One thing to note here is that these comparisons are between a small pool of devices (FNPRMS) versus a larger pool of devices (perftest). You might want to isolate a time series for each device in perftest and see if either of them, or some combination of them (if fnprms uses more than one) match up to FNPRMS. It's possible that the regressions detected in FNPRMS are biased because your sample/test-subject size is too small.

acreskeyMoz commented 3 years ago

This is my suggestion:

We take the raw results from these runs:

• perftest in CI with 25 iterations • perftest in CI with 14 iterations • FNPRMS run with 25 iterations • (maybe?) FNPRMS run with 14 iterations

And for each we calculate: • Std Dev • Margin of Error

And compare. Maybe n=30 is the sweet spot for these tests?
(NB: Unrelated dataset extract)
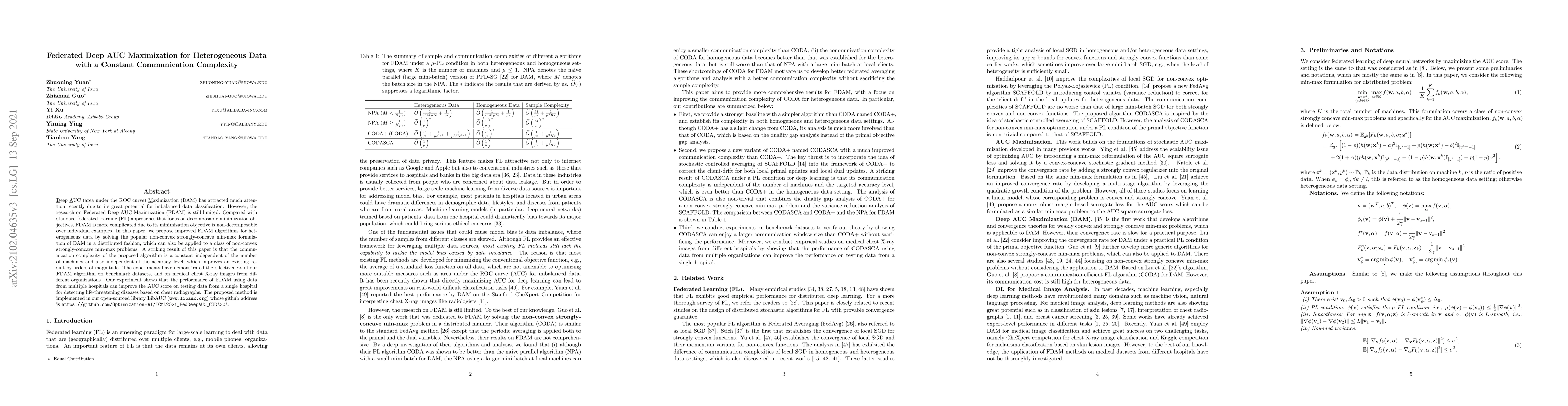 Deep AUC (area under the ROC curve) Maximization (DAM) has attracted much attention recently due to its great potential for imbalanced data classification. However, the research on Federated Deep AUC Maximization (FDAM) is still limited. Compared with standard federated learning (FL) approaches that focus on decomposable minimization objectives, FDAM is more complicated due to its minimization objective is non-decomposable over individual examples. In this paper, we propose improved FDAM algorithms for heterogeneous data by solving the popular non-convex strongly-concave min-max formulation of DAM in a distributed fashion, which can also be applied to a class of non-convex strongly-concave min-max problems. A striking result of this paper is that the communication complexity of the proposed algorithm is a constant independent of the number of machines and also independent of the accuracy level, which improves an existing result by orders of magnitude. The experiments have demonstrated the effectiveness of our FDAM algorithm on benchmark datasets, and on medical chest X-ray images from different organizations. Our experiment shows that the performance of FDAM using data from multiple hospitals can improve the AUC score on testing data from a single hospital for detecting life-threatening diseases based on chest radiographs. The proposed method is implemented in our open-sourced library LibAUC (www.libauc.org) whose github address is https://github.com/Optimization-AI/ICML2021_FedDeepAUC_CODASCA.

Perhaps we'll also want to compare variance. @gmierz was using a Levene test when looking at the perf tuning impact on noise.

I'm happy to do this unless someone else wants to. I do have a couple of days work already scheduled ahead of me though.

gmierz commented 3 years ago

Levene's test should definitely be used here to compare variance between multiple data sources with potentially differing means. It will tell you if there is a statistically significant difference in the variance, and more specifically, it only tells you if they are equal or not. You can then use the %-change in std.dev./errors to determine which one is larger if there is a difference.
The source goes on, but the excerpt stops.